In calculating the value of matrimonial property for division under Section 20(5) certain debts can be deducted first.
If the spouse concerned borrows money for the family home but secures it totally on his or her own separate property then it will be his or her own debt and no credit for it will be given.
Conversely, if the spouse borrows money for a completely personal reason this must be deducted from matrimonial property if the debt exceeds the value of that spouse’s separate property.
The beachhouse was purchased rather than gifted. It was the loan that was gifted. The beachhouse is matrimonial property and no credit is allowed for the gifts from the parents.
Valuation
The general rule is that all assets and debts are taken into account at the date of the court dealing with a dispute or when a settlement is reached. The courts have discretion. The assets generally are not valued at separation. Assets like superannuation, life insurance and homesteads have unique methods of valuation.
Finally
Explaining the matrimonial property regime is simple in that the law Act is only 57 Sections for such far reaching results. It is very complex to do so when it can be taken simply and applied to a complicated factual situation. To be readable to the lay person and yet useful a risk is taken in simplifying the Act as this article does.
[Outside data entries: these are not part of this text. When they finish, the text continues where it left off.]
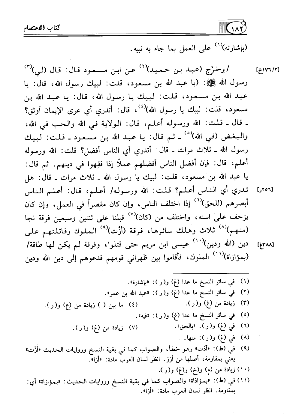 ثُمَّ قَالَ: يَا عَبْدَ اللَّهِ بْنَ مَسْعُودٍ، قُلْتُ: لَبَّيْكَ يَا رَسُولَ اللَّهِ ـ ثَلَاثَ مَرَّاتٍ ـ قَالَ: هَلْ تَدْرِي أي الناس أعلم؟ قلت: الله ورسوله/ أعلم، قَالَ: أَعْلَمُ النَّاسِ أَبْصَرُهُمْ (لِلْحَقِّ) (¬6) إِذَا اخْتَلَفَ النَّاسُ، وَإِنْ كَانَ مُقَصِّرًا فِي الْعَمَلِ، وَإِنْ كان يزحف على استه، وَاخْتَلَفَ مَنْ (كَانَ) (¬7) قَبْلَنَا عَلَى ثِنْتَيْنِ وَسَبْعِينَ فِرْقَةً نَجَا (مِنْهُمْ) (¬8) ثَلَاثٌ وَهَلَكَ سَائِرُهَا، فِرْقَةٌ (أزَّت) (¬9) الْمُلُوكَ وَقَاتَلَتْهُمْ عَلَى دِينِ (اللَّهِ وَدِينِ) (¬10) عيسى بن مريم حتى قتلوا، وفرقة لم يكن لها طاقة/ (بمؤازاة) (¬11) الْمُلُوكِ، فَأَقَامُوا بَيْنَ ظَهْرَانَيْ قَوْمِهِمْ فَدَعَوْهُمْ إِلَى دين الله ودين
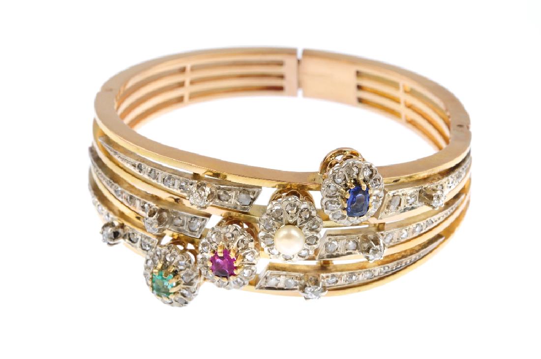 Antique 14K Gold Platinum Pearl Diamond Bangle 21 Diamonds 1.10 CtMynt Auctions4.4(829)$1003 days Left
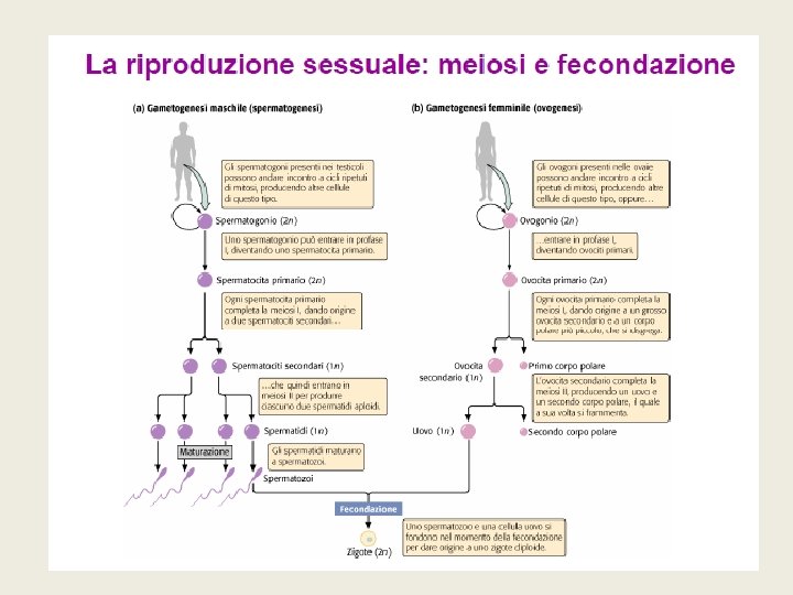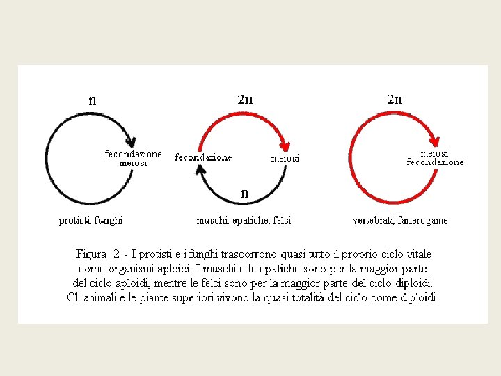 § Tutti i cicli sessuali presentano alternanza stadio aploide e uno diploide § Diversa durata delle fasi nei diversi organismi § Uomo: § Fase aploide nell’uomo: cellule sessuali (gameti) § Fase diploide ristabilita via fecondazione § Con evoluzione aumento fase diploide
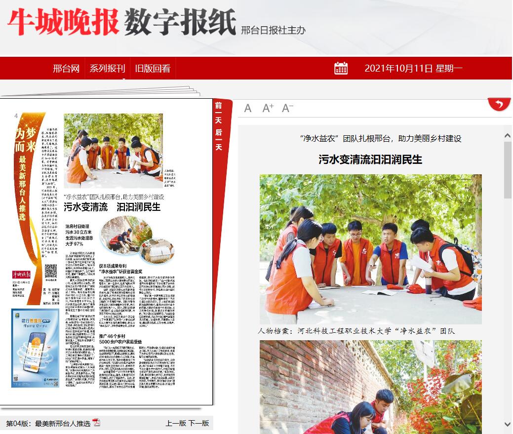 “该系统由太阳能进行供电,这种清洁能源供电的方式有效降低了碳排放,我们设备的上方种植了绿植,不仅可以处理生活中的污水,种植的绿植也有助于美化周边环境。”张齐星说,未来,我们打算扎根邢台,逐步向京津冀地区推广,并逐步走向全国,实现千村示范,万村整治,我们“净水益农”团队将扎根乡村振兴的战场,打造宜居环境,建设美丽乡村。
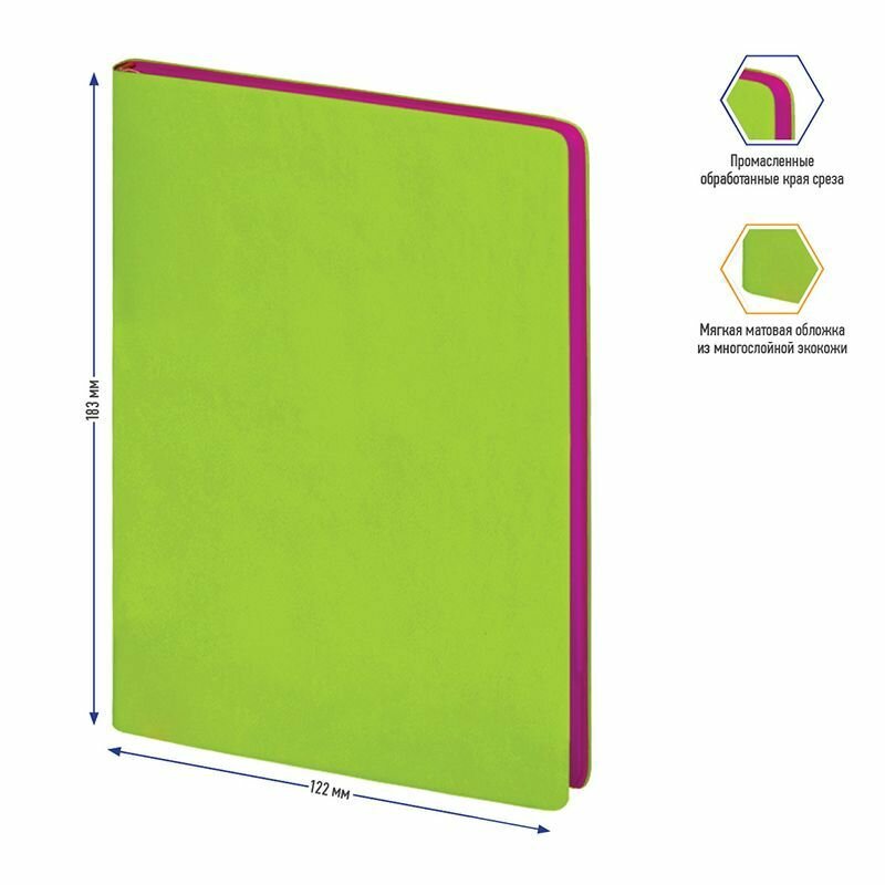Berlingo Ежедневник недатированный "Fuze", B6, 136 листов, кожзам, цветной срез, салатовый

For instance; when separate property is mixed with other property that is matrimonial property it is not necessarily lost. It is only lost into matrimonial property if after intermingling it has made designation as separate property unreasonable or impracticable. When this has occurred requires legal advice.
Ignore the warning and you may well become expert at the law of negligence.
Disclaimer: For these reasons this article is in no way to be construed as advice or to be relied upon by any person. No responsibility is accepted by the writer.